§ **DATASET RECORDS**
---
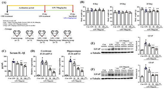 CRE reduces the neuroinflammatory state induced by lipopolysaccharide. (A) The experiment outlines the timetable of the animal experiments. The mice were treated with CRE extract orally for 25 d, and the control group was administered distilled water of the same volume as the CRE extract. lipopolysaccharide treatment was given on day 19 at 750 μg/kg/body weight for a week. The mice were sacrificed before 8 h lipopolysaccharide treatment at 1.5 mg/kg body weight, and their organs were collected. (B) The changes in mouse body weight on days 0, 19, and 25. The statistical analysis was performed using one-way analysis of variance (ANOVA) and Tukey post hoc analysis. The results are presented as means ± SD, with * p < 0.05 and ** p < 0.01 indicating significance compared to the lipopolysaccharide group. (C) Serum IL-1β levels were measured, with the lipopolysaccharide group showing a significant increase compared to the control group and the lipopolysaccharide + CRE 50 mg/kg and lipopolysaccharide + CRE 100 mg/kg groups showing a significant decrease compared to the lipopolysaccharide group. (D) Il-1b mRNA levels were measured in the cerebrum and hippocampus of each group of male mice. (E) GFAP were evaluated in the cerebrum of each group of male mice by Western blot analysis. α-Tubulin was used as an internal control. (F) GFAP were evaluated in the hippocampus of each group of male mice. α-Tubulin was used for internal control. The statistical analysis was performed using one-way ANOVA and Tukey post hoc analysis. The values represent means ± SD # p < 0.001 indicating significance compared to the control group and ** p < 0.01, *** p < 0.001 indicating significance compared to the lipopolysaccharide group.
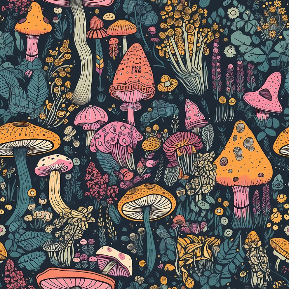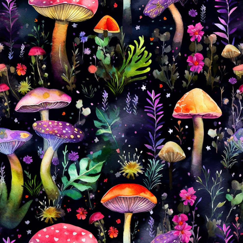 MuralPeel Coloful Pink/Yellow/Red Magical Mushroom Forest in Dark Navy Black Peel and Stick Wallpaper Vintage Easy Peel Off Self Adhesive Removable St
---
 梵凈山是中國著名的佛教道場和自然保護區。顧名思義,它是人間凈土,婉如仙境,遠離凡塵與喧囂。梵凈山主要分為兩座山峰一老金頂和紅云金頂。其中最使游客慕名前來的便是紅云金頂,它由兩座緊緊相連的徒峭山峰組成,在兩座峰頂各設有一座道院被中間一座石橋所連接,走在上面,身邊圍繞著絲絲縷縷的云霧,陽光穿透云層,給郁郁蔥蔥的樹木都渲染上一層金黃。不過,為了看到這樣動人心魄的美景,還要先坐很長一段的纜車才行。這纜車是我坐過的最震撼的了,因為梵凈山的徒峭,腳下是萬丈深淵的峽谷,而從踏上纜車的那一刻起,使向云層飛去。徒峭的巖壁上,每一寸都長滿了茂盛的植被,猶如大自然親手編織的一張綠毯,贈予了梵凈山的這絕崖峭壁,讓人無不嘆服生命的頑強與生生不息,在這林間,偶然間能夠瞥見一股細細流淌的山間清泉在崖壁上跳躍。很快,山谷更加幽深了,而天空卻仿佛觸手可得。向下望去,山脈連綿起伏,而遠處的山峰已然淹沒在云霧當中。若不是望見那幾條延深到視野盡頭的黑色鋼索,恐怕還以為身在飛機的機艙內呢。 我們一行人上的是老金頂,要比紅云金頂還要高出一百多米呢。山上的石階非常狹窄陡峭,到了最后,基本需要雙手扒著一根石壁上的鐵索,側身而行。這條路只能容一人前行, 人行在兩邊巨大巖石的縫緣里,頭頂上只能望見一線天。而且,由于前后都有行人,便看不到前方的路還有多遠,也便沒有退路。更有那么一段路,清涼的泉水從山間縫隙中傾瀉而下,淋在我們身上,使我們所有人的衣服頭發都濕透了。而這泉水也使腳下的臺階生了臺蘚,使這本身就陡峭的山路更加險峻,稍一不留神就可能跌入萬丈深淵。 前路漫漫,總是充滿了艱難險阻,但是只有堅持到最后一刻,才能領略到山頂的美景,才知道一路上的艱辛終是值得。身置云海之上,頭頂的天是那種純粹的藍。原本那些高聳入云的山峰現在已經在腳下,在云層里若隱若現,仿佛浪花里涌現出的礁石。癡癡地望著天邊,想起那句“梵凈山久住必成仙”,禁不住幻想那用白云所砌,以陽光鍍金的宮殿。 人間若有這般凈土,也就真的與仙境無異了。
---
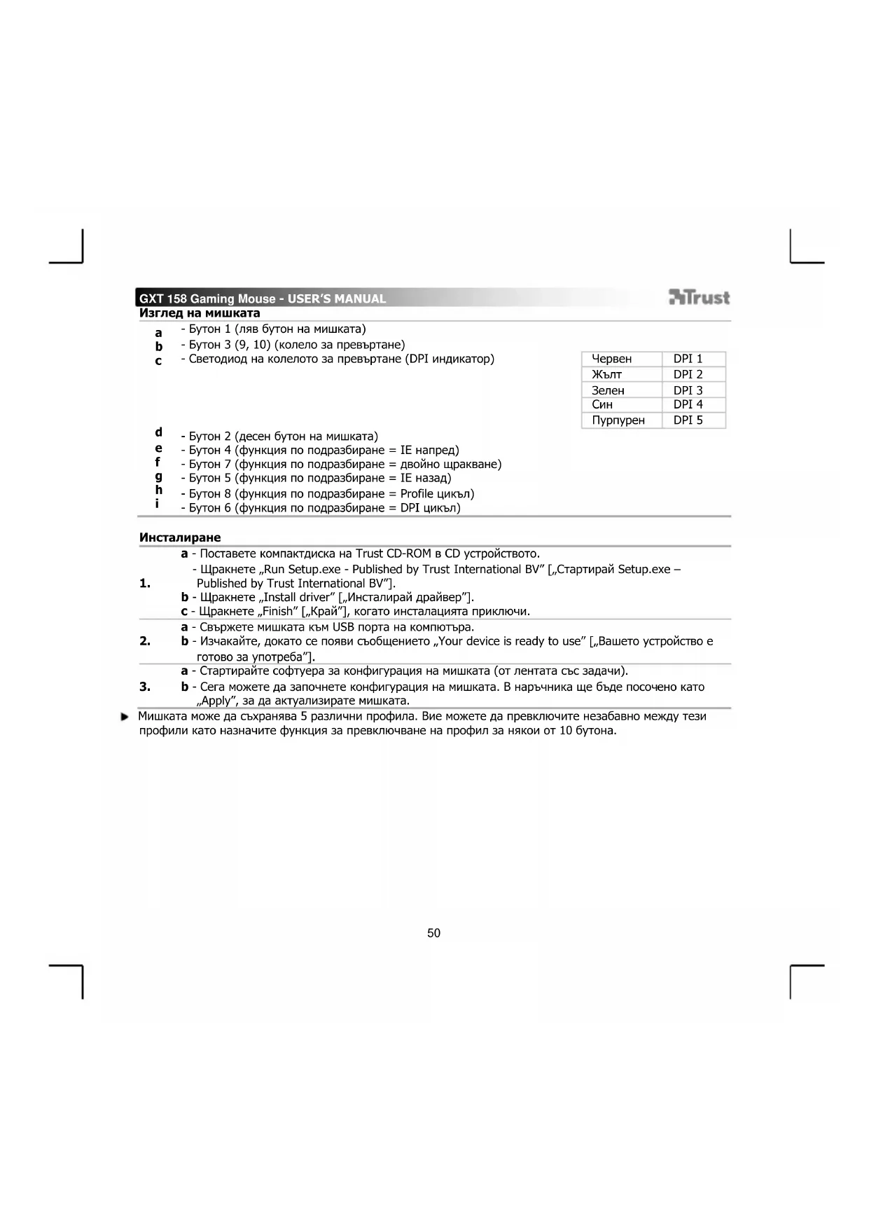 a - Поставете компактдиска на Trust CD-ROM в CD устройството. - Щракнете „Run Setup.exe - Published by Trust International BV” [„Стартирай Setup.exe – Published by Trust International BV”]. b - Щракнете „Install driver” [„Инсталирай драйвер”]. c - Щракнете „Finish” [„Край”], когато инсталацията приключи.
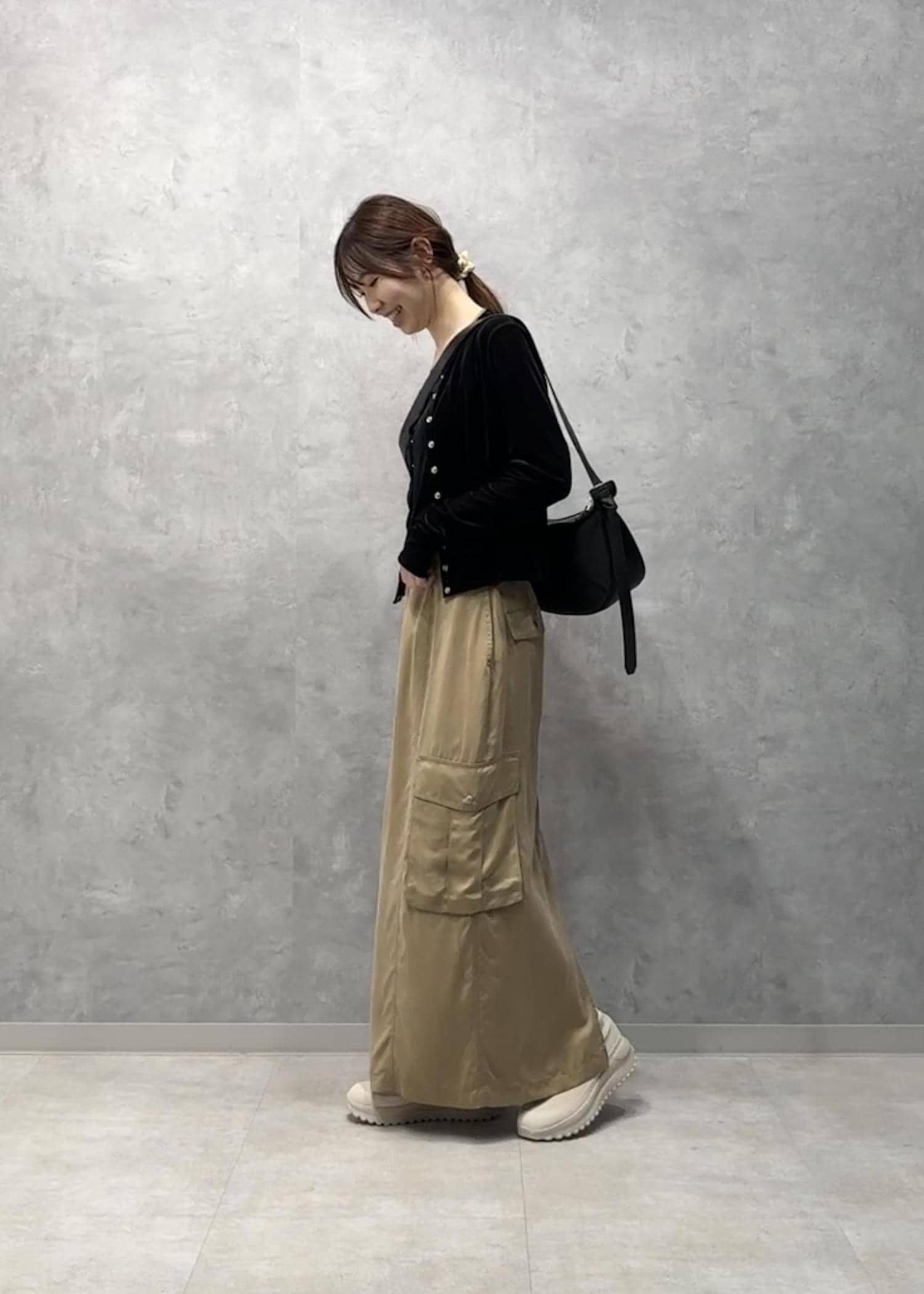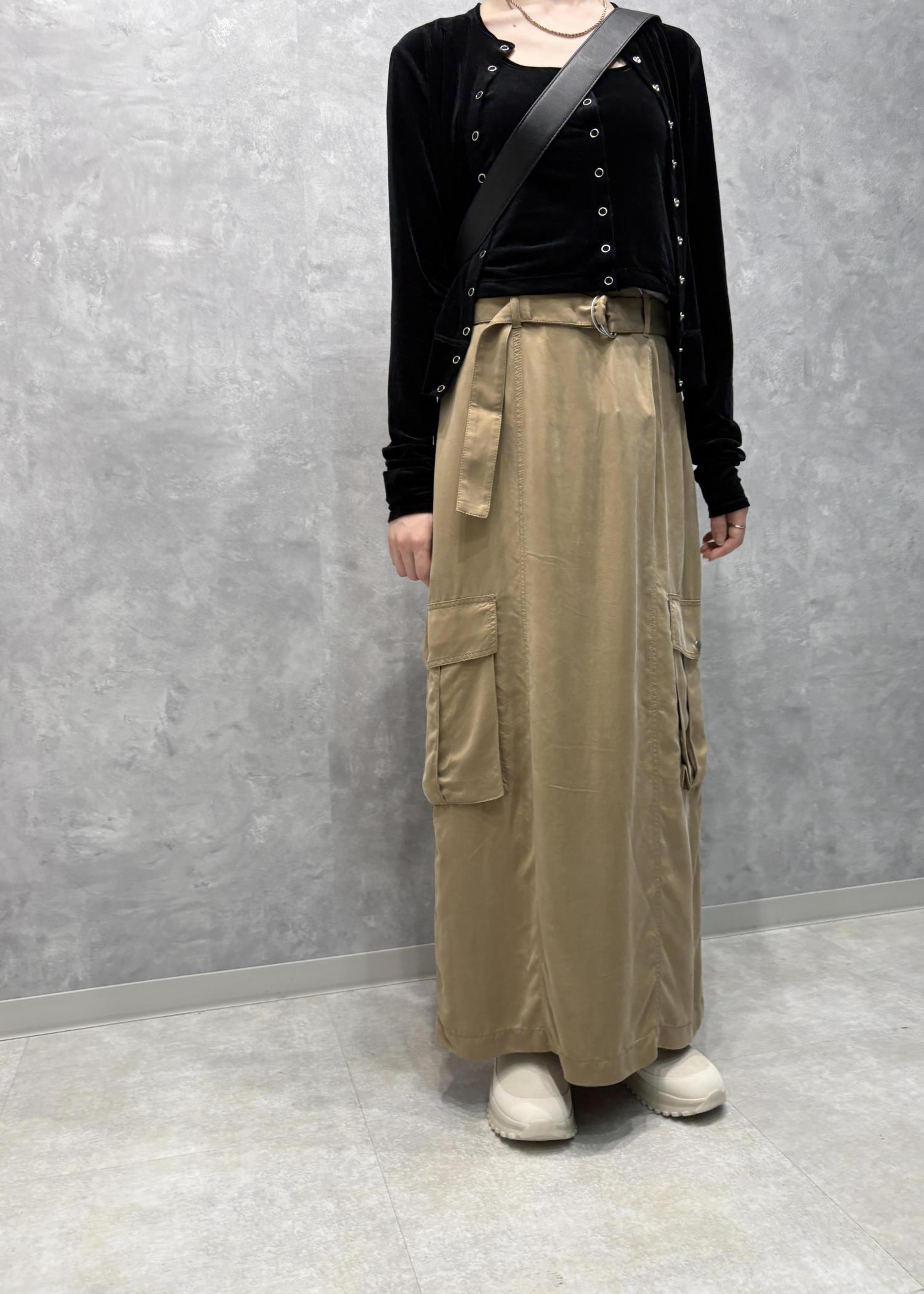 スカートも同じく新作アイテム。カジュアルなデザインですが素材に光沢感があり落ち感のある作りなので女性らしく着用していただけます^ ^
---
§ **TASK DIRECTIONS**
Leaving all pictures out, output exactly the lines of the material above from the line with "a - Поставете" to the line with "スカートも同じく新作アイテム", both included.

§ **TASK OUTPUT**
 a - Поставете компактдиска на Trust CD-ROM в CD устройството. - Щракнете „Run Setup.exe - Published by Trust International BV” [„Стартирай Setup.exe – Published by Trust International BV”]. b - Щракнете „Install driver” [„Инсталирай драйвер”]. c - Щракнете „Finish” [„Край”], когато инсталацията приключи.
 スカートも同じく新作アイテム。カジュアルなデザインですが素材に光沢感があり落ち感のある作りなので女性らしく着用していただけます^ ^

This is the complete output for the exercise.